Digestion with trypsin is very dependent on temperature. Higher temperatures digest the matrix faster, but create more damage. Collagenase is less temperature dependent, and damages fewer cells, but takes longer and is a more expensive reagent.

Tissue Engineering

Tissue engineering is the use of a combination of cells, engineering and materials methods, and suitable biochemical and physio-chemical factors to improve or replace biological functions. While most definitions of tissue engineering cover a broad range of applications, in practice the term is closely associated with applications that repair or replace portions of or whole tissues (i.e., bone, cartilage, blood vessels, bladder, etc...). Often, the tissues involved require certain mechanical and structural properties for proper function. The term has also been applied to efforts to perform specific biochemical functions using cells within an artificially-created support system (e.g. an artificial pancreas, or a bioartificial liver). The term regenerative medicine is often used synonymously with tissue engineering, although those involved in regenerative medicine place more emphasis on the use of stem cells to produce tissues.
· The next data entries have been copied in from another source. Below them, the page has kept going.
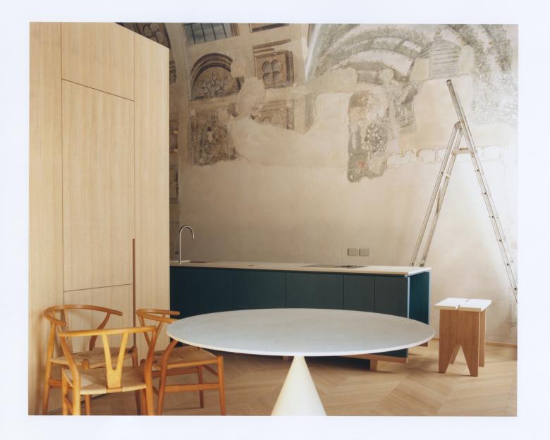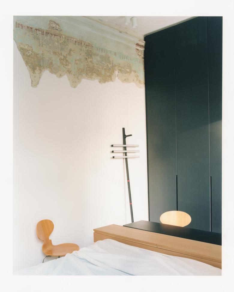 Il volume centrale della zona giorno contiene il bagno di servizio, che consente di lasciare libere le pareti perimetrali ed allo stesso tempo gerarchizzare la funzione degli spazi domestici.
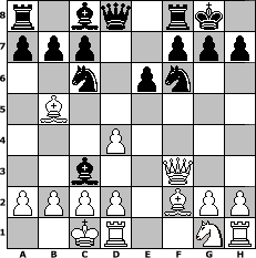 game notation in PGN-format [Event "Carpe Diem"] [Site "www.myChess.de"] [Date "2007.07.31"] [Round "1"] [White "Knight"] [Black "lure"] [ECO "D00"] [WhitemyELO "1239"] [BlackmyELO "1473"] [Result "0-1"] [TimeControl "10/864000"] [WhiteDays "00"] [BlackDays "08"] [MyChessNo "36804"] 1. d4 d5 2. e4 dxe4 3. Nc3 Nf6 4. f3 exf3 5. Qxf3 e6 6. Be3 Bb4 7. Bf2 O-O 8. O-O-O Nc6 9. Bb5 Bxc3 0-1 position notation in FEN-format r1bq1rk1/ppp2ppp/2n1pn2/1B6/3P4/2b2Q2/PPPP1BPP/2KR2NR - - - 0 10 Captured white pieces: Captured black pieces: Click on a captured piece in order to display the desired move!
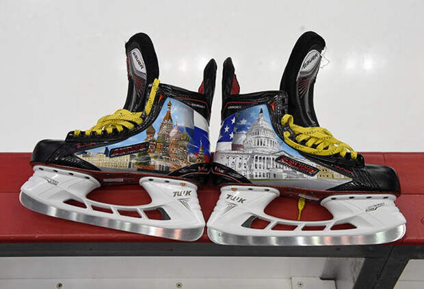 В 2017-м Ови пошел дальше и переплюнул канадца в фантазиях – не просто изменил лезвия, но и нанес полноценный рисунок на ботинке. На левом коньке появились Храм Василия Блаженного и флаг России, на правом – Капитолий и флаг США.

In 2003, the NSF published a report entitled "The Emergence of Tissue Engineering as a Research Field" . which gives a thorough description of the history of this field.

Micromass cultures of C3H-10T1/2 cells at varied oxygen tensions stained with Alcian blue.

A commonly applied definition of tissue engineering, as stated by Langer and Vacanti, is "an interdisciplinary field that applies the principles of engineering and life sciences toward the development of biological substitutes that restore, maintain, or improve tissue function or a whole organ". Tissue engineering has also been defined as "understanding the principles of tissue growth, and applying this to produce functional replacement tissue for clinical use." A further description goes on to say that an "underlying supposition of tissue engineering is that the employment of natural biology of the system will allow for greater success in developing therapeutic strategies aimed at the replacement, repair, maintenance, and/or enhancement of tissue function.

Powerful recent developments in the multidisciplinary field of tissue engineering have yielded a novel set of tissue replacement parts and implementation strategies. Scientific advances in biomaterials, stem cells, growth and differentiation factors, and biomimetic environments have created unique opportunities to fabricate tissues in the laboratory from combinations of engineered extracellular matrices ("scaffolds"), cells, and biologically active molecules. Among the major challenges now facing tissue engineering is the need for more complex functionality, as well as both functional and biomechanical stability in laboratory-grown tissues destined for transplantation. The continued success of tissue engineering, and the eventual development of true human replacement parts, will grow from the convergence of engineering and basic research advances in tissue, matrix, growth factor, stem cell, and developmental biology, as well as materials science and bioinformatics.